Personal information
- Full name: Robert John Nichol
- Born: 14 March 1924 Galashiels, Selkirkshire, Scotland
- Died: 29 May 1996 (aged 72) Melrose, Roxburghshire, Scotland
- Batting: Right-handed
- Bowling: Right-arm fast-medium
- Relations: David Nichol (brother) William Nichol (brother)

Domestic team information
- 1951–1955: Scotland

Career statistics
| Competition | First-class |
| Matches | 7 |
| Runs scored | 67 |
| Batting average | 8.37 |
| 100s/50s | –/– |
| Top score | 19 |
| Balls bowled | 1,128 |
| Wickets | 12 |
| Bowling average | 42.08 |
| 5 wickets in innings | 1 |
| 10 wickets in match | – |
| Best bowling | 5/87 |
| Catches/stumpings | 5/– |
- Source: Cricinfo, 22 July 2022

= Robert Nichol (cricketer) =

Scottish cricketer

Robert John Nichol (14 March 1924 — 29 May 1996) was a Scottish first-class cricketer.

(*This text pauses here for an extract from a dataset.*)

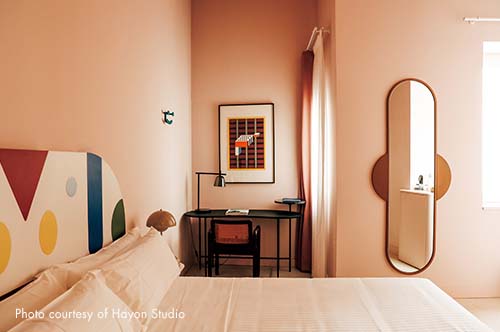 感情に触れる空間を追求するJaimeにとって、プライベートスペースは心を解きほぐす場であることが重要だ。淡いピンクのベールを纏ったような室内は、壁、ファブリックやミラーに至るまで柔らかな暖色で統一され、包み込まれるような安心感を生む。

Nichol was born at Galashiels in March 1924, where he was educated at Galashiels Academy. A club cricketer for Gala Cricket Club, he made his debut for Scotland in first-class cricket against Yorkshire at Scarborough on Scotland's 1951 tour of England. His next appearance for Scotland came two years later in 1953 against the same opposition in Glasgow, with Nichol playing first-class cricket for Scotland until 1955, making seven appearances. Playing in the Scottish side as a right-arm fast-medium bowler, he took 12 wickets at an average of 42.08; he took one five wicket haul, with figures of 5 for 87 against Yorkshire in 1953. As a tailend batsman, he scored 67 runs with a highest score of 19. A wool spinner by profession, Nichol died at Melrose in May 1996. His brother's, David and William, were also first-class cricketers.